In light of these questions, I’m beginning a series that explores the most radical of all the quantum interpretations, the one I think gets it right, or at least is pointed in the right direction. It is a relative newcomer to the scene, so you may not have heard of it. But it has been gaining a lot of attention recently because it doesn’t just ask us to reimagine how we view the science of atoms; it asks us to reimagine the process of science itself.
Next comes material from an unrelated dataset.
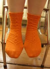 My friend Stefanie asked for some bright orange socks for her birthday. I was free to design what I wanted to knit and had fun with some small cables.

The term “QBism” was shorthand for “Quantum Bayesianism” when this idea/theory/interpretation was first proposed in the late 1990s and early 2000s. The name hit the nail on the head because “Bayesianism” is a radical way of interpreting probabilities. The Bayesianist approach to what we mean by probability differs strongly from what you learned in school about coin flips and dice rolls and how frequently a particular result can be expected to appear. Since probabilities lie at the heart of quantum mechanics, QBism zeroed in on a key aspect of quantum formalism — one that other interpretations had missed or swept under the rug — because it focused squarely on how we interpret probabilities. We’re going to dig deep into all of this as we go along in this series, but since today’s column is supposed to be the introduction, let’s start with a 10,000-foot view of what’s at stake in the great “Quantum Interpretation Wars” so we can see where QBism fits in.

Comments are closed.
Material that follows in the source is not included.